GCJ---The GNU Compiler for Java

by
Weiqi Gao, Principal Software Engineer
Object Computing, Inc. (OCI)

Introduction

GCJ, a radically traditional(*) Free Software implementation of the Java language, has been part of GCC since the 3.0 release in June 2001. Currently at version 3.2.1, it is supported on GNU/Linux on Pentium, Itanium, Alpha, PowerPC and AMD Hammer, FreeBSD on Pentium, Solaris on SPARC and more. Support for Windows using MinGW is also available.

It can compile Java source code to either Java bytecode (class files) or native machine code. It can also compile Java bytecode to native machine code. GCJ native code can be executables or shared libraries.

GCJ's Java implementation is not complete. Notable omissions include AWT and Swing. However most other Java features are supported, including collections, networking, reflection, serialization, JNI and RMI.

In this article, I will first take you on a tour of GCJ basics, and then show some more advanced features.

Getting GCJ

GNU/Linux

GCC is bundled with most Linux distributions. To install GCJ on a Red Hat Linux 8.0 system, simply run

Windows

Windows users need to visit the MinGW Download page and get the following two files:

and install both into a common directory (C:\MinGW will work fine.)

Other Platforms

Users of other platforms may get binary distributions of GCC from their favorite download centers.

A First Look at GCJ

For the rest of the article, I will use Red Hat Linux 8.0 as my platform. The differences between platforms are mostly limited to filename extensions.

GCJ has two parts: the compiler and the runtime support library. The compiler includes these commands:

gcj
the GCJ compiler
gcjh
generates header files from Java class files
jcf-dump
prints information about Java class files
jv-scan
prints information about Java source files

The runtime support includes:

libgcj.so.3
GCJ runtime suppport library
libgcj-3.2.jar
Java class files of core GCJ classes, automatically searched when compiling Java sources

and commands:

gij
an interpreter for Java bytecode
grepjar
a grep utility that works on jar files
jar
Java archive tool
jv-convert
convert file from one encoding to another
rmic
generate stubs for Remote Method Invocation
rmiregistry
remote object registry

Compiling and Running Java Programs

The gcj command is very similar to the gcc command:

[weiqi@gao]$ gcj -c Hello.java                 # compile to Hello.o
[weiqi@gao]$ gcj --main=Hello -o Hello Hello.o # link Hello.o to Hello
[weiqi@gao]$ ./Hello                           # run Hello
Hello, World!

Compiling and linking can be combined into one step:

[weiqi@gao]$ gcj --main=Hello -o Hello Hello.java # compile and link

The --main=Hello is needed to tell the linker which class's main() method is the entry point to the executable.

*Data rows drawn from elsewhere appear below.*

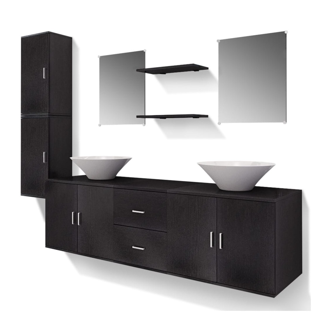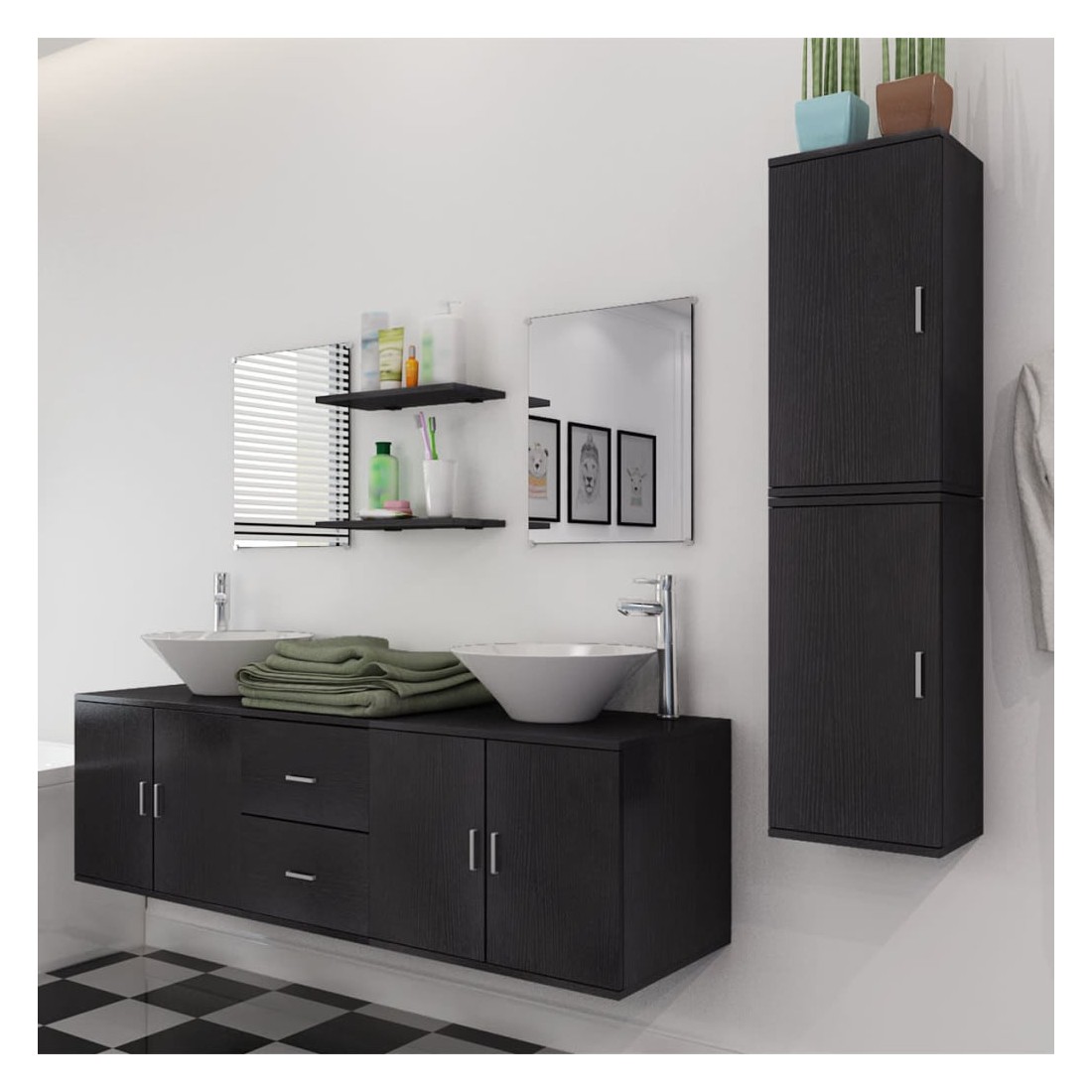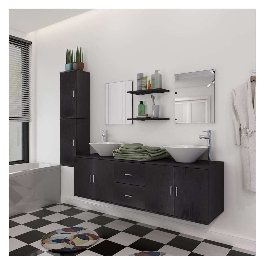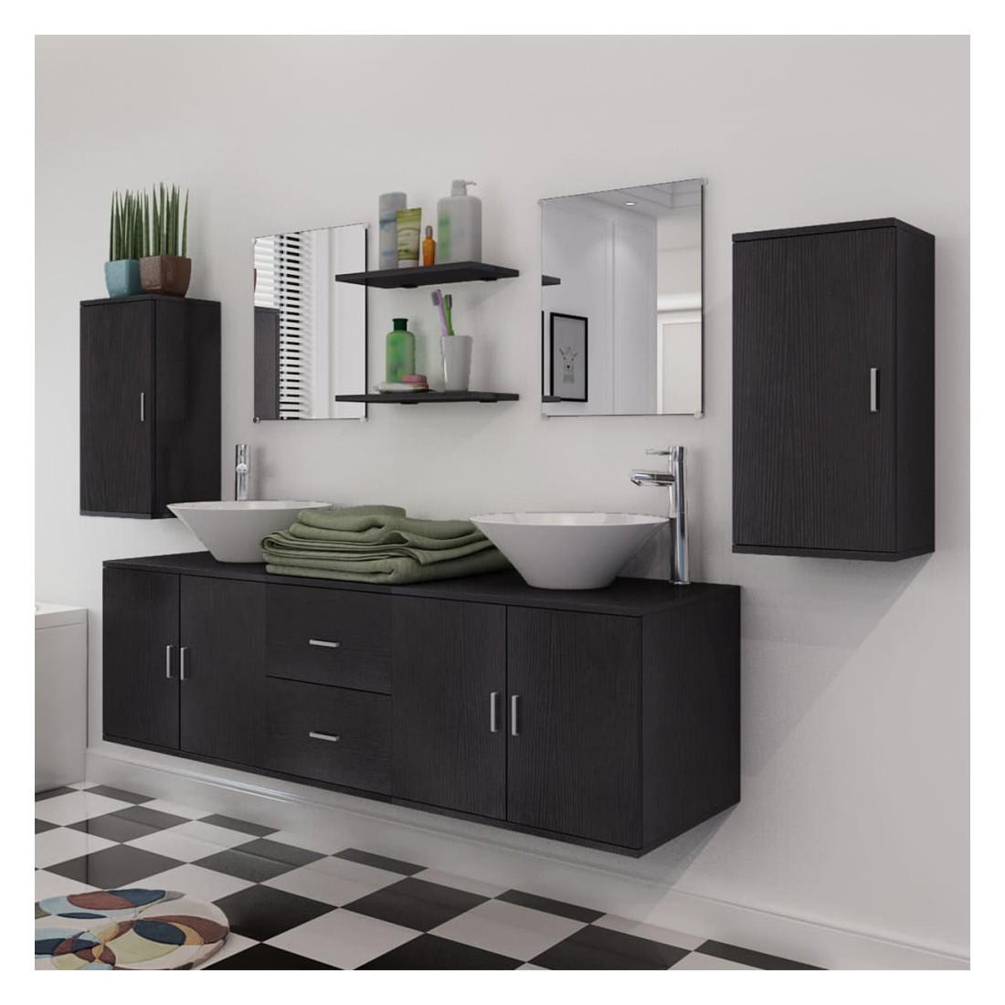 Mobilier de salle de bain avec lavabo 9 pcs Noir
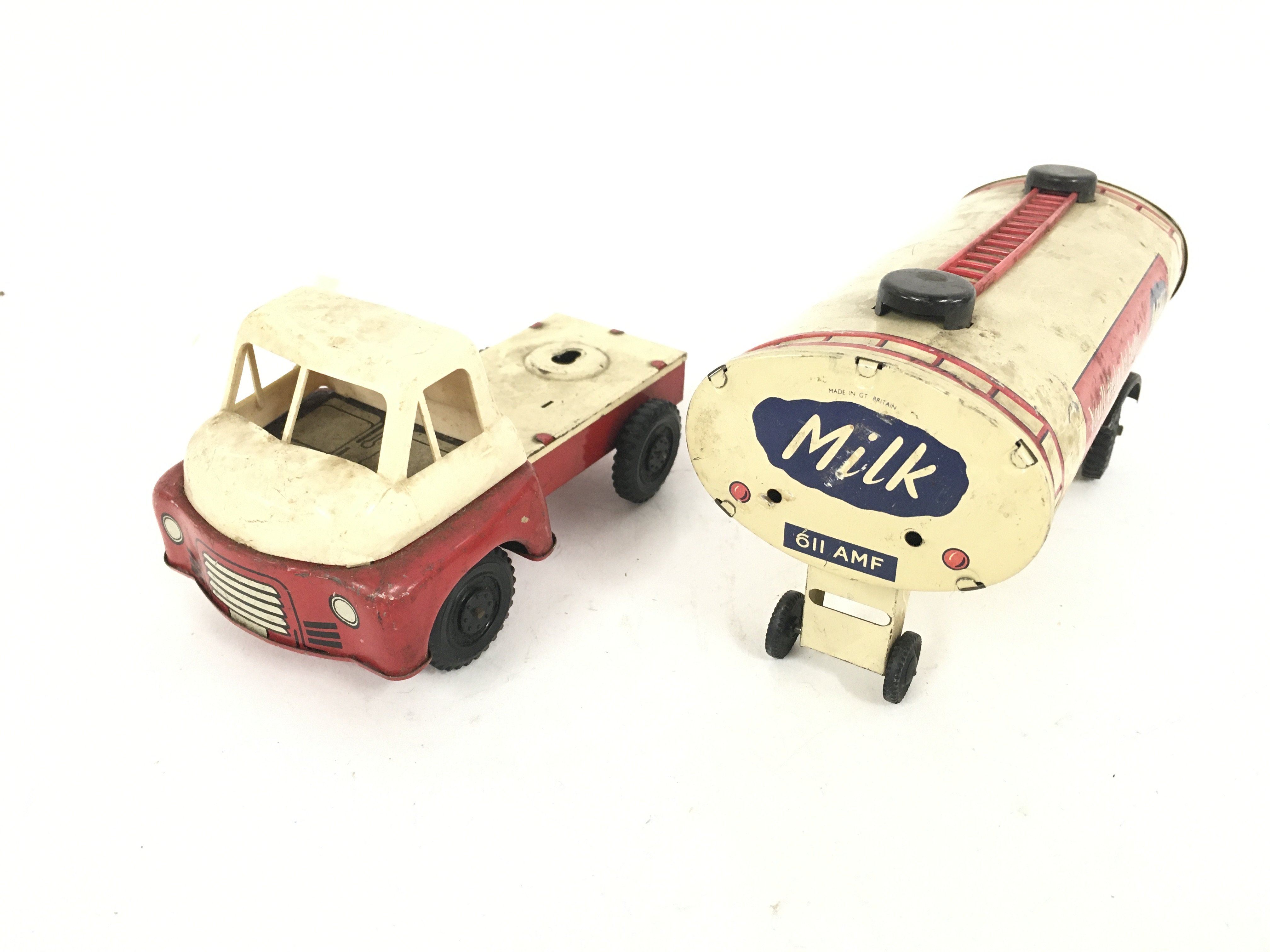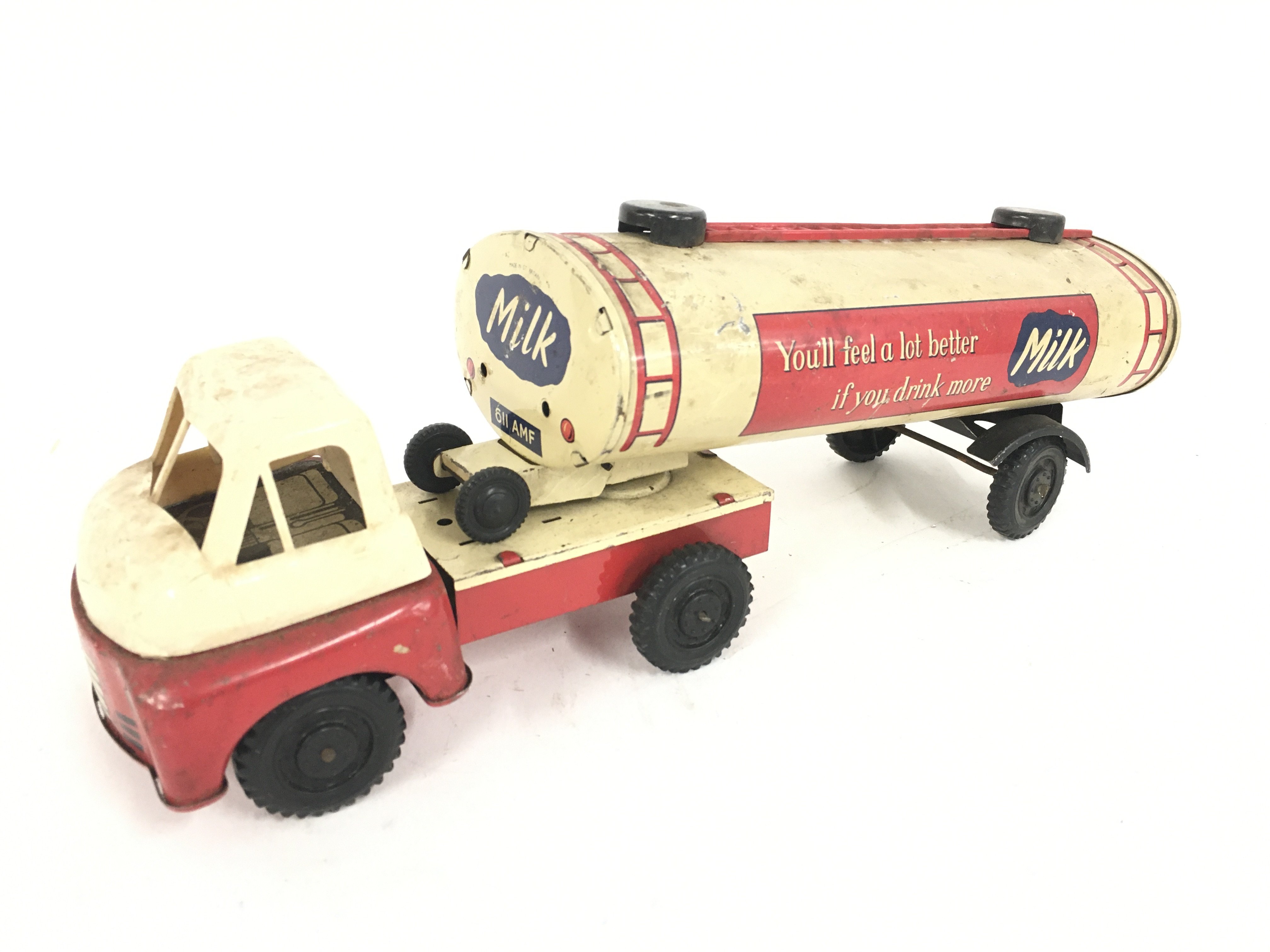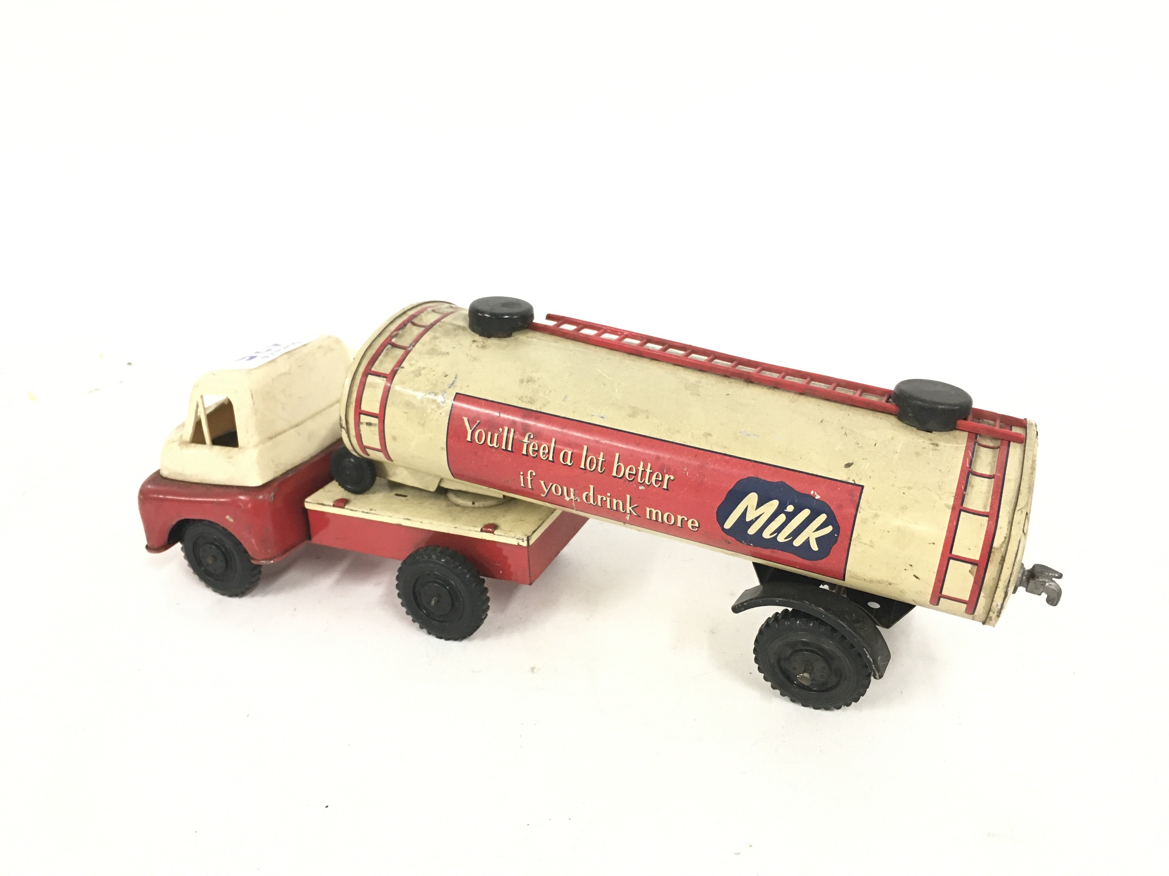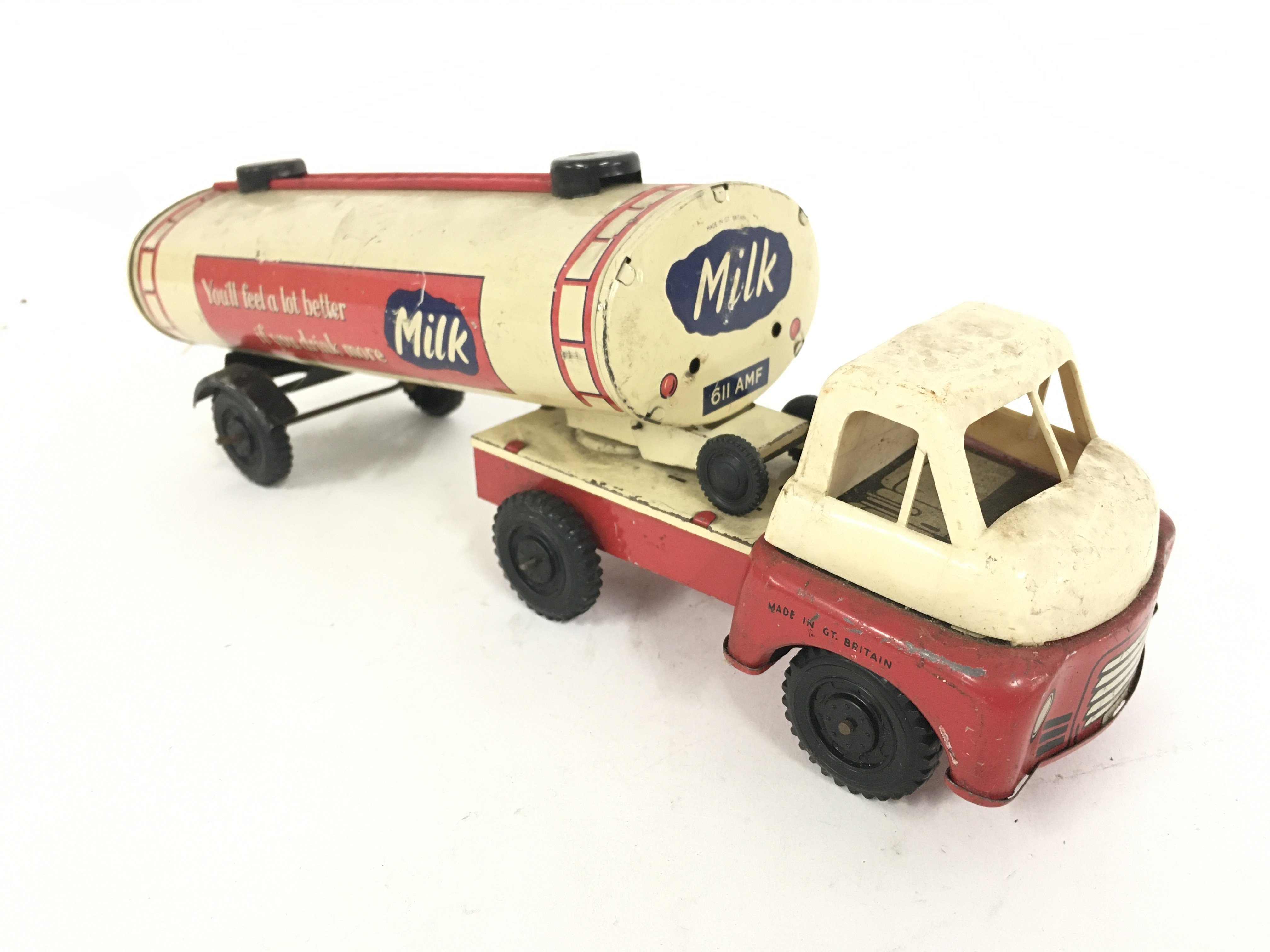A Tinplate Wells Brimtoy Milk Tanker. friction Powered.
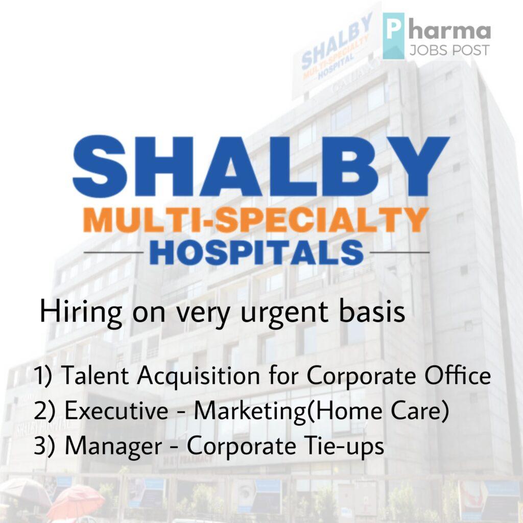 Shalby Limited hiring on very urgent basis for Talent Acquisition for Corporate Office, Executive – Marketing(Home Care), Manager – Corporate Tie-ups for Naroda unit – Apply Now
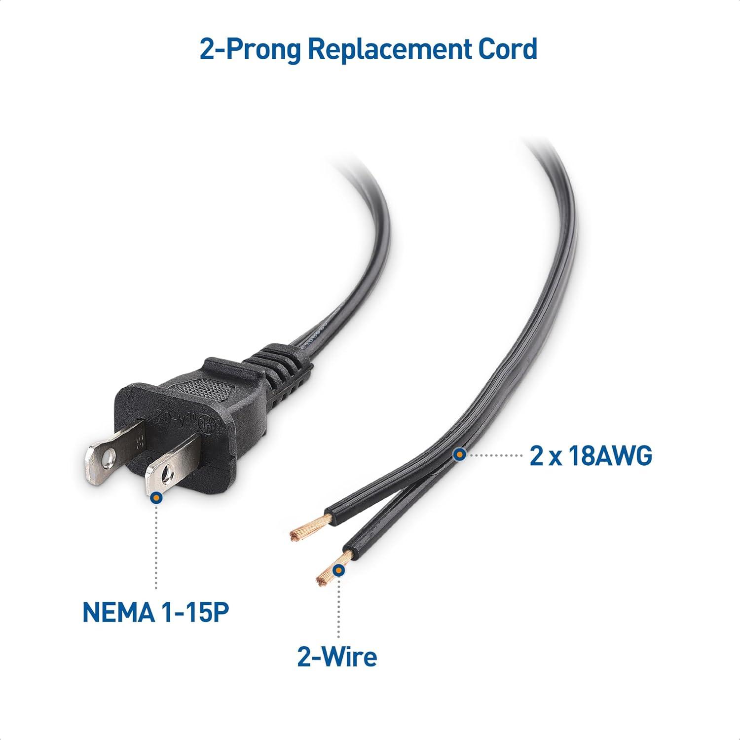 2 prong plug replacement is a UL listed power cord, and features a safe, durable design; Plug is polarized for safe insertion and removal from wall outlets
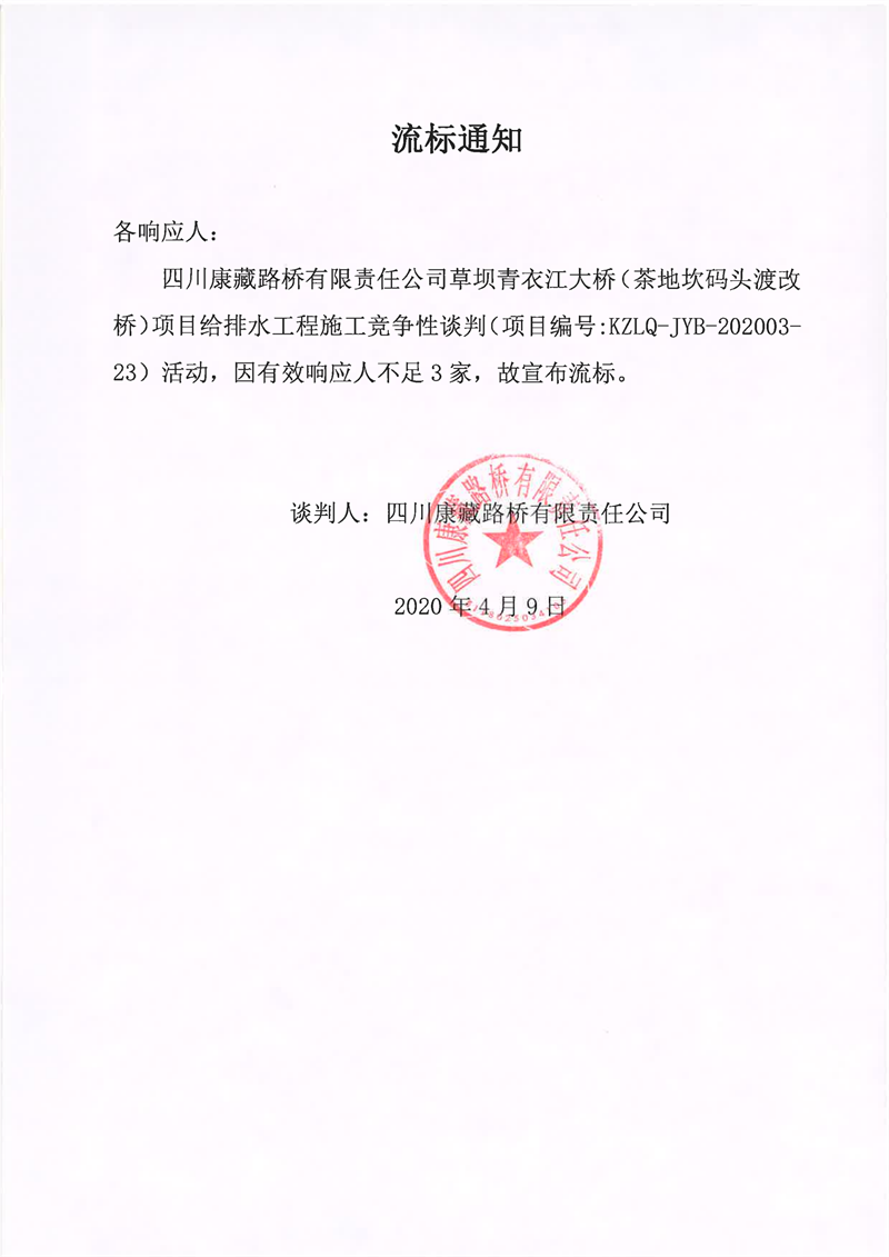 四川康藏路橋有限責任公司草壩青衣江大橋(茶地坎碼頭渡改橋)項目給排水工程施工競爭性談判流標通知

The -C switch tells gcj to compile to Java bytecode:

[weiqi@gao]$ gcj -C Hello.java    # compile to Hello.class
[weiqi@gao]$ gij Hello            # run Hello.class in the gij interpreter
Hello, World!
[weiqi@gao]$ java Hello           # run Hello.class in the Sun JIT
Hello, World!

The gcj compiler can compile Java class files, and even jar files to machine code:

[weiqi@gao]$ gcj -c Hello.class          # compile Hello.class to Hello.o
[weiqi@gao]$ jar cvf hi.jar Hello.class  # create a jar
[weiqi@gao]$ gcj -c hi.jar               # compile hi.jar to hi.o
[weiqi@gao]$ gcj --main=Hello -o hi hi.o # link hi.o to hi
[weiqi@gao]$ ./hi                        # run hi
Hello, World!

Shared Libraries

The -shared switch tells gcj to link into a shared library. Assume the following sources:

// A.java
public class A {
    public void foo() {
        System.out.println("A.foo()");
    }
}
// B.java
public class B {
    public static void main(String[] args) {
        new A().foo();
    }
}

we can compile A.java into a shared library libA.so, and compile B.java into an executable B that is linked against libA.so:

[weiqi@gao]$ gcj -shared -o libA.so A.java     # compile to shared library
[weiqi@gao]$ gcj --main=B -o B B.java -L. -lA  # link against libA.so

We have to put libA.so temporarily into the LD_LIBRARY_PATH before executing B:

[weiqi@gao]$ LD_LIBRARY_PATH=. ./B
A.foo()

Debugging with GDB

Support for GCJ has been added to the GNU Debugger GDB. The full power of GDB can be used with Java programs. To make debugging symbols available to GDB, we need the -g switch on the gcj command line:

[weiqi@gao]$ gcj -g --main=C -o C C.java    # compile with debug symbols
[weiqi@gao]$ gdb C                          # debug it
(gdb)

In gdb, run starts the executable, break sets break points, step, next, cont controls flow of execution, print, display prints values of variables.

The gdb in Red Hat Linux 8.0 had trouble understanding the command

(gdb) break Foo.main

to set a break point at the main method on the class Foo. A work around is to type

(gdb) break 'Foo::main

and use tab completion to get

(gdb) break 'Foo::main(JArray<java::lang::String*>*)'

How Do I ...?

GCJ is sufficiently different from other Java implementations that we need to pay attention to how things are done with it.

Searching For Classes

In GCJ, Java classes may appear in .so files in addition to jar files and loose class files. When a Java class is dynamically loaded, libgcj searches for it in .so files first. For example, the class a.b.C is searched in the following order:

  1. lib-a-b-C.so
  2. lib-a-b.so
  3. lib-a.so
  4. the CLASSPATH

Note that if a class is loaded from the CLASSPATH, it is interpreted.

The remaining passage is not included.